Two Hamas leaders start hunger strike in Israeli jails

Posted on PIC on 05/04/2009

NABLUS, (PIC)-- Dr. Nasseruddin Al-Shaer and Ra'fat Nassif, two of the Hamas political leaders in the West Bank, have gone on hunger strike in protest over their incarceration conditions, the international Tadamun institution for human rights reported.

Shaer, a former deputy premier in the tenth PA national unity government, told the Tadamun lawyer Fares Abu Hassan in a press release on Sunday that the Israeli prisons authority was holding them in a cell that lacks the minimum life requirements ever since their arrival to the Megiddo prison more than a week ago.

Shaer said that the cell is wholly blocked from sun light entailing high humidity and leading to breathing and eye problems other than skin rashes.

For his part, Nassif, Hamas's spokesman in the West Bank, charged that the new far-right Zionist government was a reflection of the growing extremism and racism in the Zionist street.

He opined that hopes on a progressing peace march was a mirage, and asked Palestinian factions to unite and endorse dialog as the only means to solve the state of internal division in its capacity as the best method to retaliate to that extremist government.

Two Palestinian leaders in Israel's custody start hunger strike
Date: 05 / 04 / 2009 Time: 11:38

[Ma'anImages]
Salfit – Ma’an – Detained former Palestinian Deputy Prime Minister Nasser Addin Ash-Sh’er and Hamas leader Raafat Nasif started a hunger strike on Sunday protesting detention conditions in an Israeli jail, said Faris Abu Hasan, a lawyer who works for the International Solidarity Foundation.

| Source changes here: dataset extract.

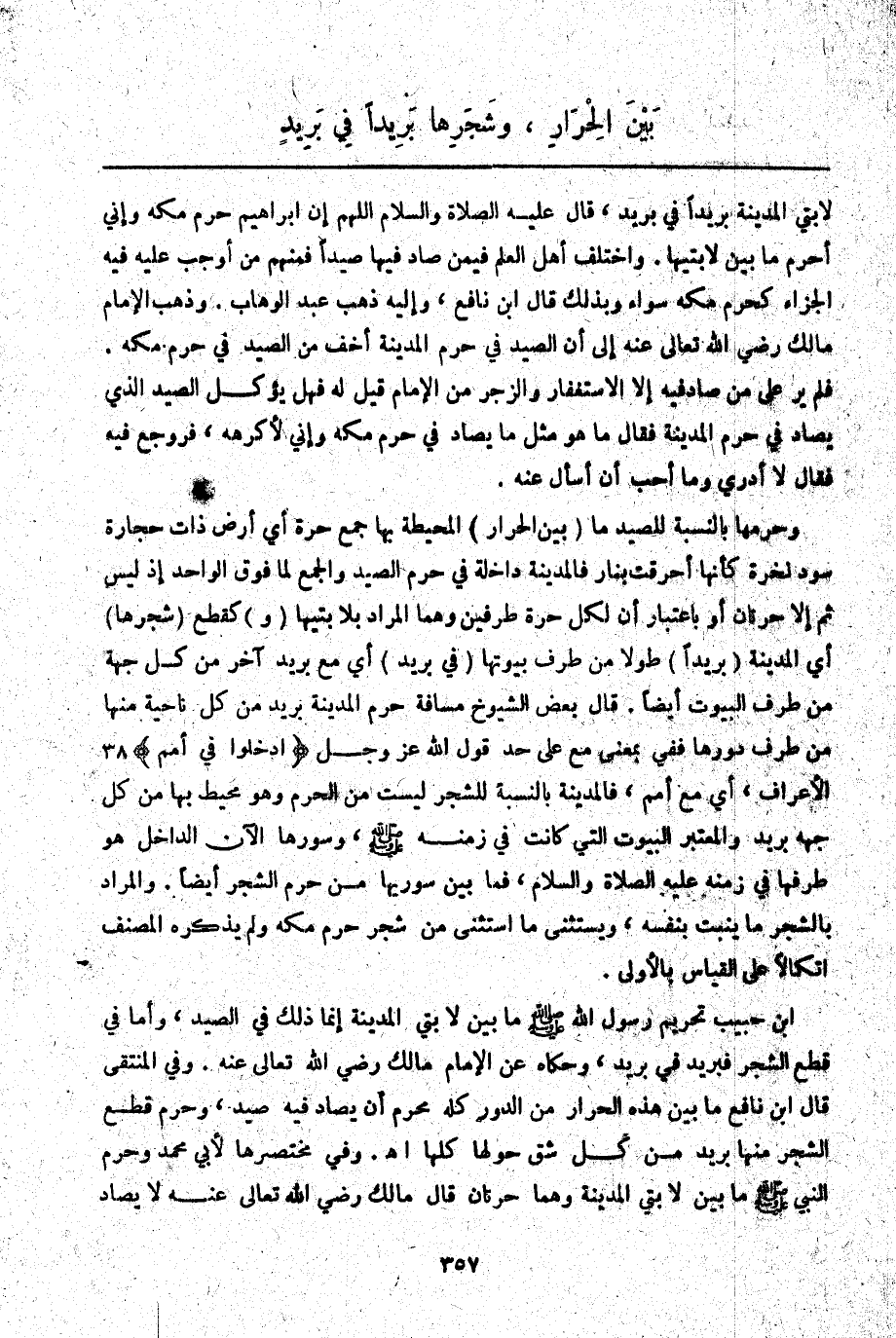 ابْنُ حَبِيبٍ تَحْرِيمُ رَسُولِ اللَّهِ - صَلَّى اللَّهُ عَلَيْهِ وَسَلَّمَ - مَا بَيْنَ لَابَتَيْ الْمَدِينَةِ إنَّمَا ذَلِكَ فِي الصَّيْدِ، وَأَمَّا فِي قَطْعِ الشَّجَرِ فَبَرِيدٌ فِي بَرِيدٍ، وَحَكَاهُ عَنْ الْإِمَامِ مَالِكٍ - رَضِيَ اللَّهُ تَعَالَى عَنْهُ -. وَفِي الْمُنْتَقَى قَالَ ابْنُ نَافِعٍ مَا بَيْنَ هَذِهِ الْحِرَارِ مِنْ الدُّورِ كُلُّهُ مُحَرَّمٌ أَنْ يُصَادَ فِيهِ صَيْدٌ، وَحَرُمَ قَطْعُ الشَّجَرِ مِنْهَا يُرِيدُ مِنْ كُلِّ شِقٍّ حَوْلَهَا كُلِّهَا اهـ. وَفِي مُخْتَصَرِهَا لِأَبِي مُحَمَّدٍ وَحَرَّمَ النَّبِيُّ - صَلَّى اللَّهُ عَلَيْهِ وَسَلَّمَ - مَا بَيْنَ لَابَتَيْ الْمَدِينَةِ وَهُمَا حَرَّتَانِ قَالَ مَالِكٌ - رَضِيَ اللَّهُ تَعَالَى عَنْهُ - لَا يُصَادُ

Dr Ash-Sh’er told the lawyer that he and Nasif were detained in a prison cell that lacks basic living conditions since the first day of detention. Thus, both announced a hunger strike until they are sent to normal detention rooms, as other detainees.

Meanwhile, Nasif described the new Israeli government as "the outcome of the overall public Israeli racial and extremist attitude." He said any hopes of a peace process would be no more than "illusion and mirage."